### EXERCISE INPUT
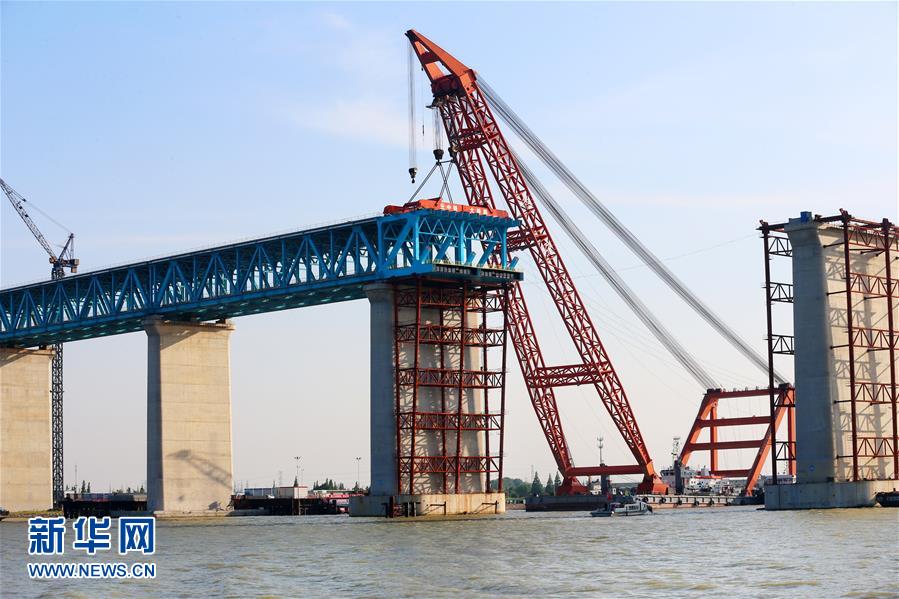 6月1日,重达1210吨的大节段钢梁被架设到沪通长江大桥主航道桥31号墩墩顶。新华社发(许丛军 摄)
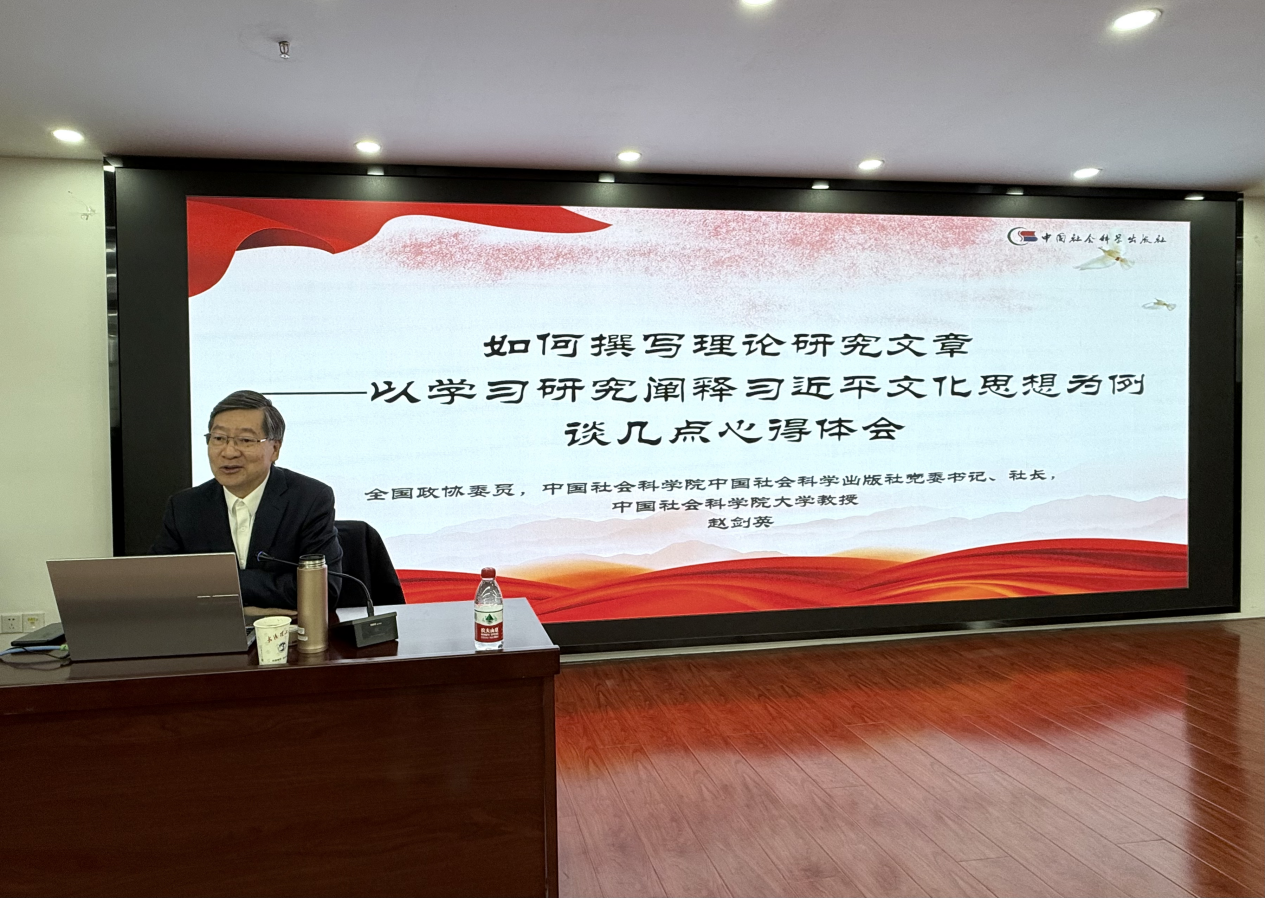为培育浓厚研学风气,提高研究生学术视野与课题攻坚能力,公司于10月23日上午在弘毅楼1405报告厅举办求是学堂第202期学术报告会。本次报告会围绕如何撰写理论研究文章——以学习研究阐释习近平文化思想为例谈几点心得体会展开报告,特邀第十四届全国政协委员、中国辩证唯物主义研究会副会长、中国社会科学出版社原党委书记、社长赵剑英教授主讲,公司经理雷江梅主持,公司教师及2024级全体硕、博研究生参会。
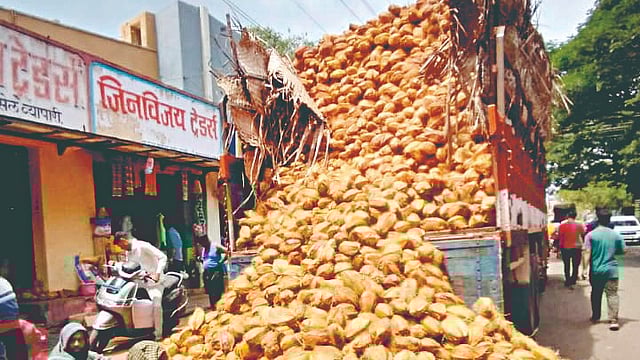 गेल्या आठ दिवसापासून नारळाची आवक कमी झाली आहे. यामुळे नारळ 30 रुपयावरुन 40 रुपये नग झाला आहे. शाळू, ज्वारी आणि तांदळाच्या दरात गेल्या सप्ताहातच वाढ झाली आहे. शाळू ज्वारी 4 हजार ते 4 हजार 500 रुपये क्विंटल आहे. तांदूळ 4,200 हजार ते 4600 रुपये क्विंटल झाला आहे. खाद्यतेलाचे दर महिन्यापासून स्थिर आहेत. गहू 3 हजार 700 ते 3 हजार 800 रुपये आहे. मसूरडाळ 75 ते 80 रुपये किलो झाली आहे. सूर्यफूल तेलाचा दर 154 रुपये झाला आहे. शेंगतेलाचा किरकोळ विक्रीचा दर 164 आहे. सरकी तेल डब्याचा दर (15 किलो) 2 हजार 300 रुपये आहे. अधिक मागणी असलेल्या तांदळाचा दर प्रति किलो 30 ते 70 रुपये आहे. शाळू, ज्वारी 50 ते 52, हायब्रीड 40 ते 42, गूळ 50 ते 55, रवा 50, तर मैदा 48 ते 50, मूग 120 व मसूरडाळ 80 रुपये किलो आहे.
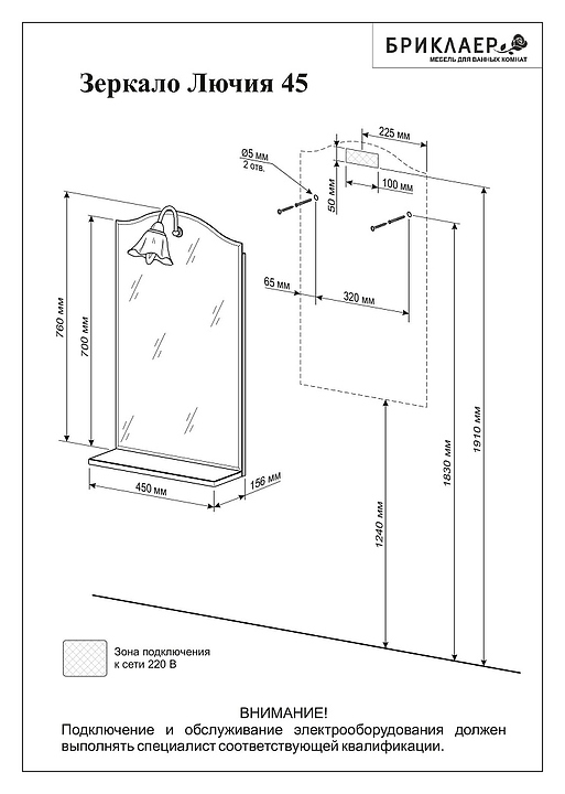 Зеркало БРИКЛАЕР Лючия 45 выполнено в неоклассическом стиле и отлично дополнит интерьер любой ванной комнаты. Модель оснащена светильником с изящным плафоном в форме цветка и открытой полочкой для хранения ванных принадлежностей. Благодаря подвесной конструкции модель не занимает много места, что позволяет экономить пространство в небольшой ванной комнате. Корпус и фасад выполнены из МДФ с пленкой ПВХ, зеркальное полотно покрыто серебром с амальгамой. В комплект поставки навески для крепления к стене, светильник с плафоном и электрический провод 0,5 м для подключения к электросети 220 В. Особенности:
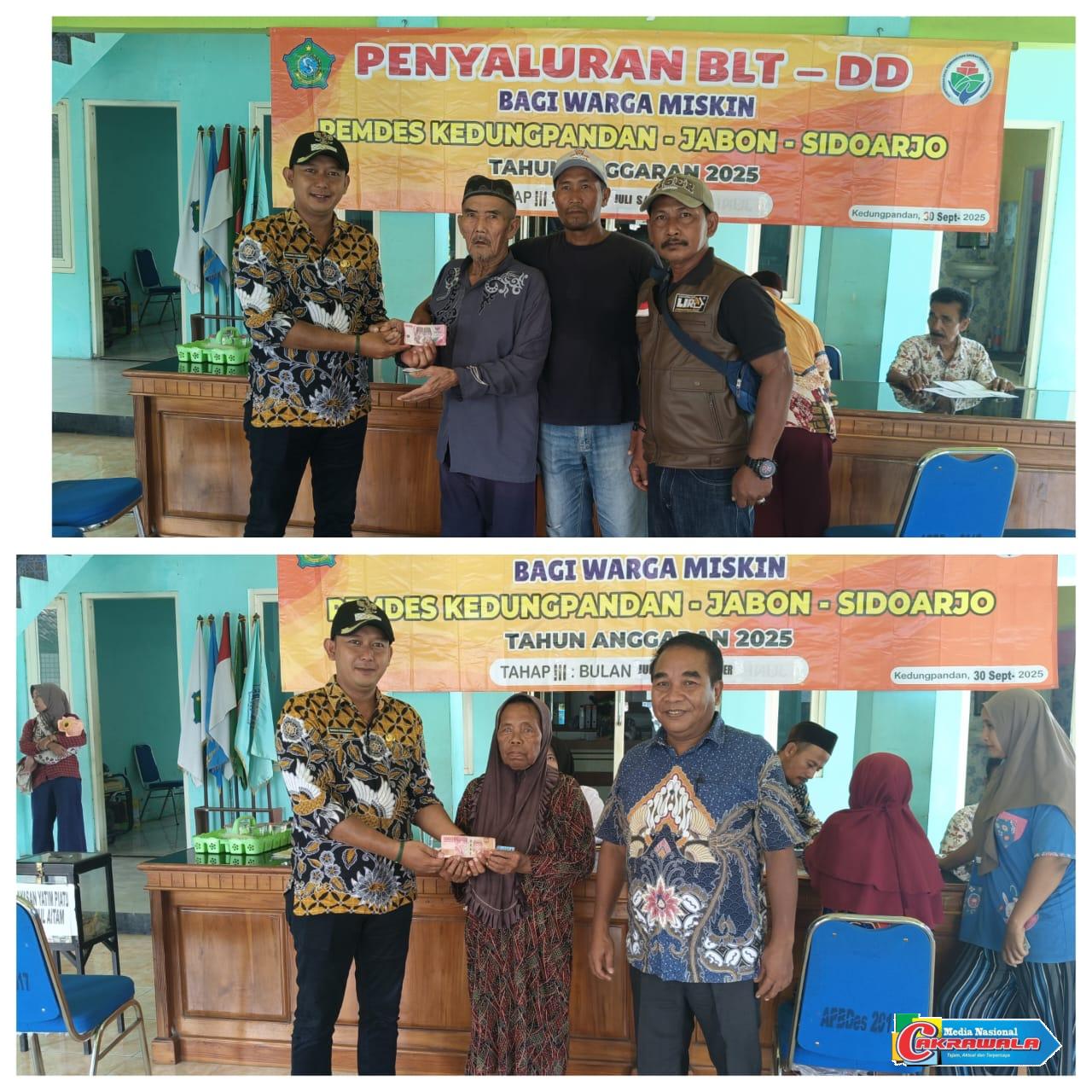 Sidoarjo,MN Cakrawala– Pemerintah desa Kedungpandan melaksanakan kegiatan pembagian Bantuan Langsung Tunai Dana Desa tahap tiga (BLT-DD Juli, Agustus, September) kepada warga masyarakat kurang mampu sebanyak 30 KPM bertempat di Balai Desa Kedungpandan, Selasa 30/09/2025.
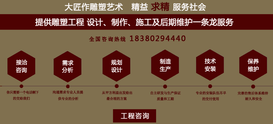 成都大匠作雕塑有限公司,是經(jīng)成都工商局審定注冊的正規(guī)專業(yè)雕塑制作及工程安裝服務(wù)機(jī)構(gòu),是由一群年輕富有朝氣的年輕人創(chuàng)辦,發(fā)軔于四川省成都市龍泉驛區(qū)。它是一家******于創(chuàng)作、制作和銷售為一體的公司。大匠作擁有多年從事公共藝術(shù)的專業(yè)人員和雕塑制作人組成的核心團(tuán)隊(duì),為您提供專業(yè)、具創(chuàng)新的設(shè)計及制作服務(wù)。公司成立以來,秉承“******服務(wù)、誠信為本”的宗旨,以客戶需求為目標(biāo)導(dǎo)向,不斷學(xué)習(xí),進(jìn)取,優(yōu)化和提高服務(wù)質(zhì)量,公司向您******——“您的滿意***是我們的信譽(yù)”,我們將以飽滿的熱情和******的服務(wù)贏得您的贊譽(yù)和支持。 愛心,細(xì)心,耐心,責(zé)任心是我們的要求,盡心盡職,為您打造出創(chuàng)新、專業(yè)、******的設(shè)計方案,我們堅信先做人、后做事,用心對待客戶,實(shí)行透明收費(fèi),人性化服務(wù),本著對客戶負(fù)責(zé),對客戶負(fù)責(zé),更是對自己發(fā)展負(fù)責(zé)的態(tài)度,爭取做到讓每位客戶滿意
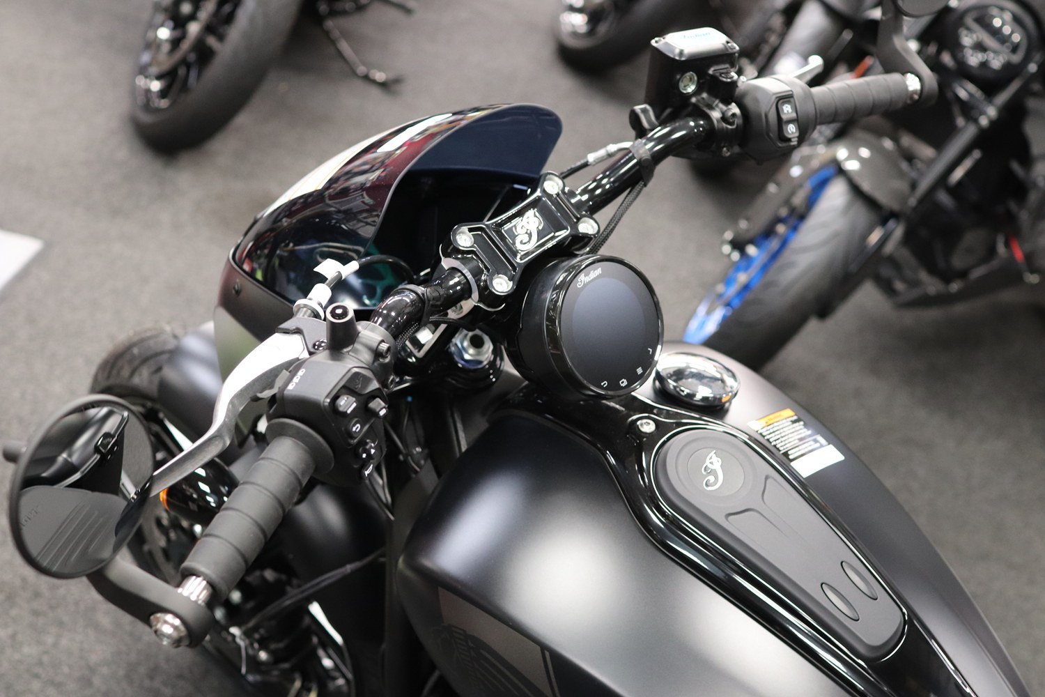 Stylish gloss black 152 mm moto style risers with machined highlights come standard. Machined triples and moto handlebars complete the package, both in custom looks and dialled ergonomics.
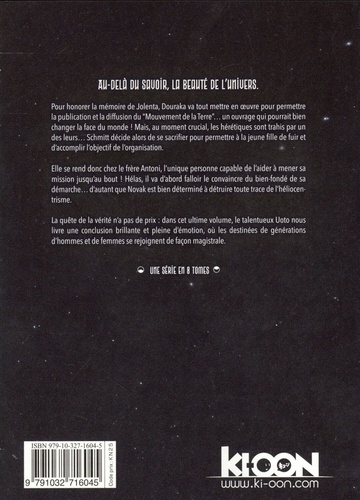 Au-delà du savoir, la beauté de l'univers ! Pour honorer la mémoire de Jolenta, Douraka va tout mettre en oeuvre pour permettre la publication et la diffusion du °Mouvement de la Terre"... un ouvrage qui pourrait bien changer la face du monde ! Mais, au moment crucial, les hérétiques sont trahis par un des leurs... Schmitt décide alors de se sacrifier pour permettre à la jeune fille de fuir et d'accomplir l'objectif de l'organisation. Elle se rend donc chez le frère Antoni, l'unique personne capable de l'aider à mener sa mission jusqu'au bout ! Hélas, il va d'abord falloir le convaincre du bien-fondé de sa démarche... d'autant que Novak est bien déterminé à détruire toute trace de l'héliocentrisme. La quête de la vérité n'a pas de prix : dans cet ultime volume, le talentueux Uoto nous livre une conclusion brillante et pleine d'émotion où les destinées de générations d'hommes et de femmes se rejoignent de façon magistrale.
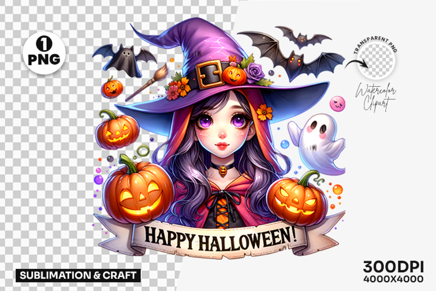 Crafted in high resolution (300 DPI) with a transparent background and large 4000x4000 pixel size, this clipart is ideal for sublimation projects, apparel designs, party invitations, stickers, mugs, and more. Add a festive and magical vibe to your Halloween crafts!
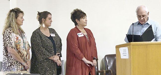 Mayor Robert Moore, right, reads a proclamation proclaiming Oct. 17-21 “Chamber of Commerce Week” in Big Spring. Moore presented an official copy of the proclamation to (from left) Big Spring Area Chamber of Commerce President Michelle Hamlin, former president Kayla Jo Nichols, and Director Debbye Valverde
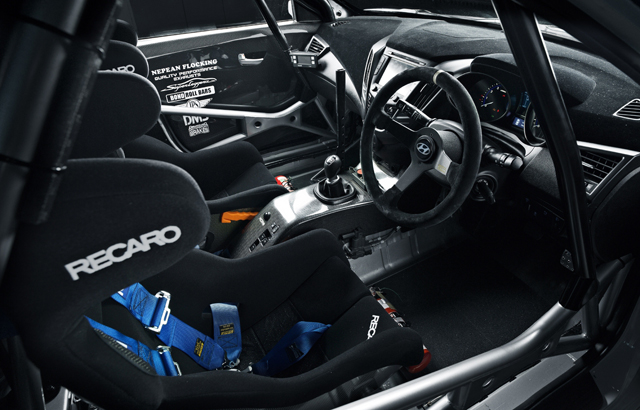 The Veloster Turbo is powered by a 1.6-liter turbocharged engine mated to a six-speed manual transmission gearbox, and a stainless steel high flow exhaust system. The interior was stripped down to make room for Recaro carbon racing seats with multi-point seatbelts, Sparco race steering wheel, an anti-glare dashboard, and an FIA/CAMS compliant roll cage.

### BRIEF
The whole listing above, word for word: repeat it with the pictures excluded.

### TASK SOLUTION
 6月1日,重达1210吨的大节段钢梁被架设到沪通长江大桥主航道桥31号墩墩顶。新华社发(许丛军 摄)
为培育浓厚研学风气,提高研究生学术视野与课题攻坚能力,公司于10月23日上午在弘毅楼1405报告厅举办求是学堂第202期学术报告会。本次报告会围绕如何撰写理论研究文章——以学习研究阐释习近平文化思想为例谈几点心得体会展开报告,特邀第十四届全国政协委员、中国辩证唯物主义研究会副会长、中国社会科学出版社原党委书记、社长赵剑英教授主讲,公司经理雷江梅主持,公司教师及2024级全体硕、博研究生参会。
 गेल्या आठ दिवसापासून नारळाची आवक कमी झाली आहे. यामुळे नारळ 30 रुपयावरुन 40 रुपये नग झाला आहे. शाळू, ज्वारी आणि तांदळाच्या दरात गेल्या सप्ताहातच वाढ झाली आहे. शाळू ज्वारी 4 हजार ते 4 हजार 500 रुपये क्विंटल आहे. तांदूळ 4,200 हजार ते 4600 रुपये क्विंटल झाला आहे. खाद्यतेलाचे दर महिन्यापासून स्थिर आहेत. गहू 3 हजार 700 ते 3 हजार 800 रुपये आहे. मसूरडाळ 75 ते 80 रुपये किलो झाली आहे. सूर्यफूल तेलाचा दर 154 रुपये झाला आहे. शेंगतेलाचा किरकोळ विक्रीचा दर 164 आहे. सरकी तेल डब्याचा दर (15 किलो) 2 हजार 300 रुपये आहे. अधिक मागणी असलेल्या तांदळाचा दर प्रति किलो 30 ते 70 रुपये आहे. शाळू, ज्वारी 50 ते 52, हायब्रीड 40 ते 42, गूळ 50 ते 55, रवा 50, तर मैदा 48 ते 50, मूग 120 व मसूरडाळ 80 रुपये किलो आहे.
 Зеркало БРИКЛАЕР Лючия 45 выполнено в неоклассическом стиле и отлично дополнит интерьер любой ванной комнаты. Модель оснащена светильником с изящным плафоном в форме цветка и открытой полочкой для хранения ванных принадлежностей. Благодаря подвесной конструкции модель не занимает много места, что позволяет экономить пространство в небольшой ванной комнате. Корпус и фасад выполнены из МДФ с пленкой ПВХ, зеркальное полотно покрыто серебром с амальгамой. В комплект поставки навески для крепления к стене, светильник с плафоном и электрический провод 0,5 м для подключения к электросети 220 В. Особенности:
 Sidoarjo,MN Cakrawala– Pemerintah desa Kedungpandan melaksanakan kegiatan pembagian Bantuan Langsung Tunai Dana Desa tahap tiga (BLT-DD Juli, Agustus, September) kepada warga masyarakat kurang mampu sebanyak 30 KPM bertempat di Balai Desa Kedungpandan, Selasa 30/09/2025.
 成都大匠作雕塑有限公司,是經(jīng)成都工商局審定注冊的正規(guī)專業(yè)雕塑制作及工程安裝服務(wù)機(jī)構(gòu),是由一群年輕富有朝氣的年輕人創(chuàng)辦,發(fā)軔于四川省成都市龍泉驛區(qū)。它是一家******于創(chuàng)作、制作和銷售為一體的公司。大匠作擁有多年從事公共藝術(shù)的專業(yè)人員和雕塑制作人組成的核心團(tuán)隊(duì),為您提供專業(yè)、具創(chuàng)新的設(shè)計及制作服務(wù)。公司成立以來,秉承“******服務(wù)、誠信為本”的宗旨,以客戶需求為目標(biāo)導(dǎo)向,不斷學(xué)習(xí),進(jìn)取,優(yōu)化和提高服務(wù)質(zhì)量,公司向您******——“您的滿意***是我們的信譽(yù)”,我們將以飽滿的熱情和******的服務(wù)贏得您的贊譽(yù)和支持。 愛心,細(xì)心,耐心,責(zé)任心是我們的要求,盡心盡職,為您打造出創(chuàng)新、專業(yè)、******的設(shè)計方案,我們堅信先做人、后做事,用心對待客戶,實(shí)行透明收費(fèi),人性化服務(wù),本著對客戶負(fù)責(zé),對客戶負(fù)責(zé),更是對自己發(fā)展負(fù)責(zé)的態(tài)度,爭取做到讓每位客戶滿意
 Stylish gloss black 152 mm moto style risers with machined highlights come standard. Machined triples and moto handlebars complete the package, both in custom looks and dialled ergonomics.
 Au-delà du savoir, la beauté de l'univers ! Pour honorer la mémoire de Jolenta, Douraka va tout mettre en oeuvre pour permettre la publication et la diffusion du °Mouvement de la Terre"... un ouvrage qui pourrait bien changer la face du monde ! Mais, au moment crucial, les hérétiques sont trahis par un des leurs... Schmitt décide alors de se sacrifier pour permettre à la jeune fille de fuir et d'accomplir l'objectif de l'organisation. Elle se rend donc chez le frère Antoni, l'unique personne capable de l'aider à mener sa mission jusqu'au bout ! Hélas, il va d'abord falloir le convaincre du bien-fondé de sa démarche... d'autant que Novak est bien déterminé à détruire toute trace de l'héliocentrisme. La quête de la vérité n'a pas de prix : dans cet ultime volume, le talentueux Uoto nous livre une conclusion brillante et pleine d'émotion où les destinées de générations d'hommes et de femmes se rejoignent de façon magistrale.
 Crafted in high resolution (300 DPI) with a transparent background and large 4000x4000 pixel size, this clipart is ideal for sublimation projects, apparel designs, party invitations, stickers, mugs, and more. Add a festive and magical vibe to your Halloween crafts!
 Mayor Robert Moore, right, reads a proclamation proclaiming Oct. 17-21 “Chamber of Commerce Week” in Big Spring. Moore presented an official copy of the proclamation to (from left) Big Spring Area Chamber of Commerce President Michelle Hamlin, former president Kayla Jo Nichols, and Director Debbye Valverde
 The Veloster Turbo is powered by a 1.6-liter turbocharged engine mated to a six-speed manual transmission gearbox, and a stainless steel high flow exhaust system. The interior was stripped down to make room for Recaro carbon racing seats with multi-point seatbelts, Sparco race steering wheel, an anti-glare dashboard, and an FIA/CAMS compliant roll cage.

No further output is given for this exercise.